#### Work instructions:
Beneath this line are the data; copy exactly the part of them that opens with the line containing "护甲:【修普诺斯之息】(遗物" and closes with the line containing "2, pp. 201-255.", and only that part.

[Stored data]
········

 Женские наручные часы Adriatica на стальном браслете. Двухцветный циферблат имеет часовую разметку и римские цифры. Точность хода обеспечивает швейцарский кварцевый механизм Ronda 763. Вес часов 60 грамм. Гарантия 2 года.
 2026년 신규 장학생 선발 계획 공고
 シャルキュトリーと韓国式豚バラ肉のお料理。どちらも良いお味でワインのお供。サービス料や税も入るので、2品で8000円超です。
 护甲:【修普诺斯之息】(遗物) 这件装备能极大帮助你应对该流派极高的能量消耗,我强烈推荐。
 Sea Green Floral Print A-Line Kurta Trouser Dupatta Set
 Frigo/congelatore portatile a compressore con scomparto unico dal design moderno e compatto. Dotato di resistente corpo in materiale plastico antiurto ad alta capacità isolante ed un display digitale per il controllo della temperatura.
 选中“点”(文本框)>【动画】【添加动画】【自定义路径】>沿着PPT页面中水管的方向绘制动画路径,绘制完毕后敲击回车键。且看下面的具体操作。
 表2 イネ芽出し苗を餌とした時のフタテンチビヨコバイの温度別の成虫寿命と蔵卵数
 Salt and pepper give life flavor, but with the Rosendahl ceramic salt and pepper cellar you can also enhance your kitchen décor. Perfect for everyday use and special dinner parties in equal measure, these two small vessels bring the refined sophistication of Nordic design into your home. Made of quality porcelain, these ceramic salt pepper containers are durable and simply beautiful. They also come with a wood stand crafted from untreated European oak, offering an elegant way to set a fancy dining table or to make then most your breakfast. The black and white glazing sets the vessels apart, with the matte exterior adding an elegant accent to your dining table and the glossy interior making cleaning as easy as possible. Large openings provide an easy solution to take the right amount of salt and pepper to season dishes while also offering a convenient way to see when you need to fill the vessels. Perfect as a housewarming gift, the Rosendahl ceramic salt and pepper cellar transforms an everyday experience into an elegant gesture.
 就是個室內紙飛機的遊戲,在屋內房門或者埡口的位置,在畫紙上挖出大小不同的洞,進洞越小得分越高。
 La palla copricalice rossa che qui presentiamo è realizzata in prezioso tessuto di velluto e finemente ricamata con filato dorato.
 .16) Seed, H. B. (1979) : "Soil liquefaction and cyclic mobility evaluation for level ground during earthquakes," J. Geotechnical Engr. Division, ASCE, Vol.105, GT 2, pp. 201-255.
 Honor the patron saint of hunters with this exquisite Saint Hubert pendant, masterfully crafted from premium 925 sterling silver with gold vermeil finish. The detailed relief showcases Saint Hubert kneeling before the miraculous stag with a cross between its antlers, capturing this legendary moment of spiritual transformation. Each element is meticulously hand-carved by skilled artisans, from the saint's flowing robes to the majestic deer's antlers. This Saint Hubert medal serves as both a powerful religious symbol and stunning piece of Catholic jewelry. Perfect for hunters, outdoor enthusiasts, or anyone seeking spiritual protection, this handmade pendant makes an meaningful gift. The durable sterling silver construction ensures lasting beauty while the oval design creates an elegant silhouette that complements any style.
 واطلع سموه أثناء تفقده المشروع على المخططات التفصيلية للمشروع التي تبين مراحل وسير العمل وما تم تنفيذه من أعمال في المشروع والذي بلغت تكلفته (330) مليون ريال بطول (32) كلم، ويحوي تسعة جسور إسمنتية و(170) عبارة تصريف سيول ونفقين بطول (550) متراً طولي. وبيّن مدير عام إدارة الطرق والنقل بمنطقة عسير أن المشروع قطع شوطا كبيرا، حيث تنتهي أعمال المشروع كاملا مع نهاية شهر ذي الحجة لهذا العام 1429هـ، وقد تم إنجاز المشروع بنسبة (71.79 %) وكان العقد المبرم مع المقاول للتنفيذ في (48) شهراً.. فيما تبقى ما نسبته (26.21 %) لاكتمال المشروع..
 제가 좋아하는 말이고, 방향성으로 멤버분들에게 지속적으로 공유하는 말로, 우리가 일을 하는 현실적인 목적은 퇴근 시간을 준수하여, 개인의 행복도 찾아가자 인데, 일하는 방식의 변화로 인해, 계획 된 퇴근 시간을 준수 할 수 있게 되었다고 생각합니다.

········

#### Response for this exercise:
 护甲:【修普诺斯之息】(遗物) 这件装备能极大帮助你应对该流派极高的能量消耗,我强烈推荐。
 Sea Green Floral Print A-Line Kurta Trouser Dupatta Set
 Frigo/congelatore portatile a compressore con scomparto unico dal design moderno e compatto. Dotato di resistente corpo in materiale plastico antiurto ad alta capacità isolante ed un display digitale per il controllo della temperatura.
 选中“点”(文本框)>【动画】【添加动画】【自定义路径】>沿着PPT页面中水管的方向绘制动画路径,绘制完毕后敲击回车键。且看下面的具体操作。
 表2 イネ芽出し苗を餌とした時のフタテンチビヨコバイの温度別の成虫寿命と蔵卵数
 Salt and pepper give life flavor, but with the Rosendahl ceramic salt and pepper cellar you can also enhance your kitchen décor. Perfect for everyday use and special dinner parties in equal measure, these two small vessels bring the refined sophistication of Nordic design into your home. Made of quality porcelain, these ceramic salt pepper containers are durable and simply beautiful. They also come with a wood stand crafted from untreated European oak, offering an elegant way to set a fancy dining table or to make then most your breakfast. The black and white glazing sets the vessels apart, with the matte exterior adding an elegant accent to your dining table and the glossy interior making cleaning as easy as possible. Large openings provide an easy solution to take the right amount of salt and pepper to season dishes while also offering a convenient way to see when you need to fill the vessels. Perfect as a housewarming gift, the Rosendahl ceramic salt and pepper cellar transforms an everyday experience into an elegant gesture.
 就是個室內紙飛機的遊戲,在屋內房門或者埡口的位置,在畫紙上挖出大小不同的洞,進洞越小得分越高。
 La palla copricalice rossa che qui presentiamo è realizzata in prezioso tessuto di velluto e finemente ricamata con filato dorato.
 .16) Seed, H. B. (1979) : "Soil liquefaction and cyclic mobility evaluation for level ground during earthquakes," J. Geotechnical Engr. Division, ASCE, Vol.105, GT 2, pp. 201-255.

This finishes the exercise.